Ticats searching for red zone magic

FRANK ZICARELLI, QMI Agency

, Last Updated: 11:27 PM ET

HAMILTON -- Whether it's referred to as the red zone, green zone, scoring zone or even the twilight zone, finishing a drive with a touchdown when venturing deep into an opponent's territory has been an issue with the Ticats.

It surfaced early in the season when the team paid the ultimate price for being able to muster only a field goal when near the opposition's goal line.

While points were left out on the field, the Ticats gradually became more efficient in their ability to execute inside a foe's 20-yard line and then came the first of three season meetings with the Argos.

The Ticats would win, 16-12, but the Argos did more to lose the game than anything Hamilton mounted.

When a team accumulates more yards in penalties (115) than it produces along the ground (98), which the Argos did two weeks ago, you know a team is in for a long night.

While the jury may still be out on exactly how good these Argos are, a Jim Barker led team has always made amends, which makes Monday's Labour Day meeting in the Hammer that much more appealing.

The Argos aren't going to beat themselves, placing the onus squarely in the hands of the Ticats' offence.

With Kevin Glenn having the ball, barring a direct snap, on each possession, Hamilton's starting quarterback understands the importance of scoring touchdowns when opportunities present themselves.

"That's going to be a very important factor that'll come into play on Monday,'' Glenn began on Saturday when wind descended upon Ivor Wynne Stadium.

Weather

The forecast for Monday's showdown is expected to be ideal, but the past two days in the Hammer have been anything but, certainly not conducive to throwing the football.

On Friday, rain pelted the stadium, forcing the Ticats to briefly interrupt their workout.

With Sunday being a walkthrough day in preparation for the big day, the Ticats don't expect to make major changes to the way in which they attacked the Argos at Rogers Centre.

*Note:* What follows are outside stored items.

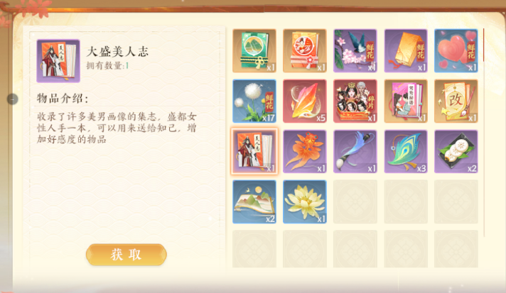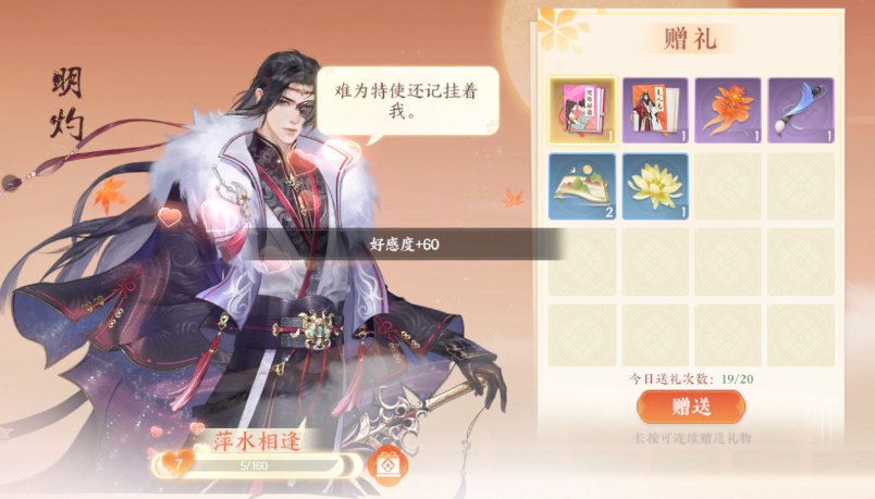 由于游戏刚刚上线不久,很多的神秘道具小编也没有获得,这些道具是大家通过日常任务就可以获得的,可以优先赠送给明灼,其实大家还可以通过一些人物性格来判断明灼的喜好,比如明灼是一个武功很高强的人;
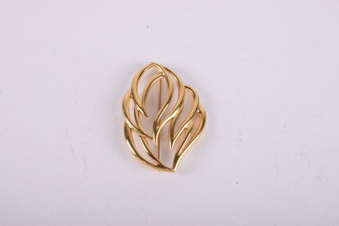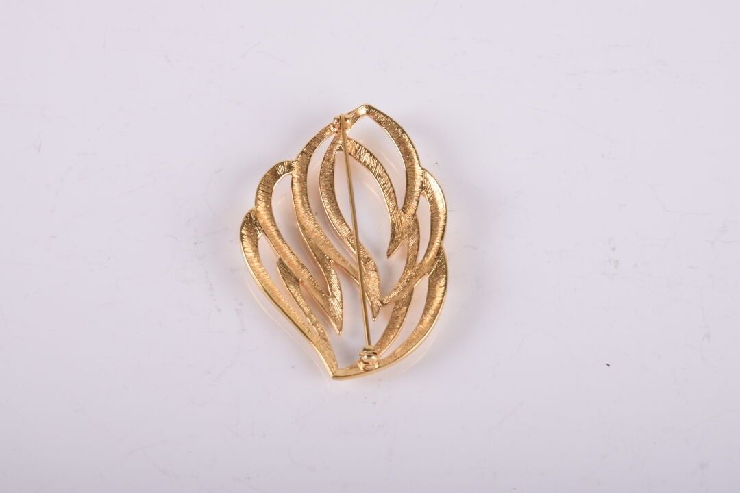 MONET Broche en métal doré en forme de grande feuille
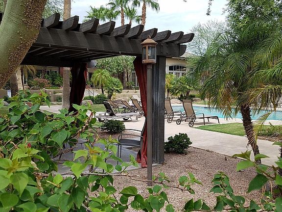 All the amenities of a Gated resort style community! Close to 202, ASU, Tempe, light rail, Phoenix Zoo, Botanical Garden and Shopping. Lush landscaping, 2 pools, fitness center and Clubhouse! This is a great 2 bedroom condo. (no cats please)
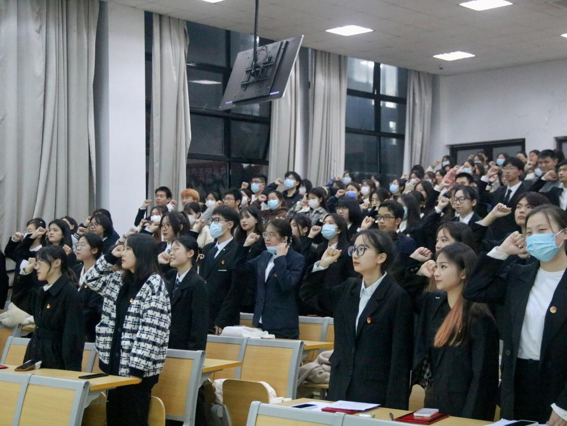 2022年11月29日晚,外国语学院团学大会暨第十一期团校开班仪式于SB104顺利进行。学院党委副书记任凯老师,党委委员、兼职辅导员胡海鹏老师,团委副书记洪雨菲老师、思政副主管阮佳蒂老师、外院班助及团学各组织成员等参加此次大会。
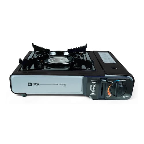 - Marca/Modelo: NTK – Frontier - Cor: Preto - Material: Aço esmaltado com enamel atóxico; - Acendimento: Automático (ignição eletrônica); - Combustível: Cartucho de gás tipo MSF-1a - Sistema de segurança: Corte automático de gás; - Acessórios inclusos: Maleta rígida para transporte;

The change Glenn hopes to see is in finding the end zone.

"It was one of those games where we moved the ball pretty good, but we just didn't come away with touchdowns,'' Glenn said.

And he's right.

For Glenn, Hamilton's game in Toronto marked the first time he's seen the Argos' defence in a regular-season game.

What he saw was a defensive secondary that looked an awfully lot like the Rich Stubler defence that became the staple in Toronto.

"They don't play a lot of man,'' Glenn said of the Argos' coverage. "And when they do play man, they disguise it in a way you think is a zone."

Glenn was intercepted once, the Ticats turned the ball over on downs when Quinton Porter got sacked on a bootleg when a pulling lineman tripped along the line of scrimmage, leaving Argos free safety Willie Pile with a clear path.

"Toronto definitely presents a different challenge,'' Glenn said. "Its defence isn't like other defences in our league."

The keys, then, become recognition and reads and above everything else, execution.

"There were situations where we could have scored points if we had one or two guys doing something different,'' Glenn said.

Eight Ticat players caught at least one pass, Hamilton won the time of possession battle by more than five minutes and there was excellent balance on offence.

But the Ticats know they aren't likely to win if they manage to produce only one touchdown, which was created on a kickoff fumble that placed the ball on the Argos' 22-yard line.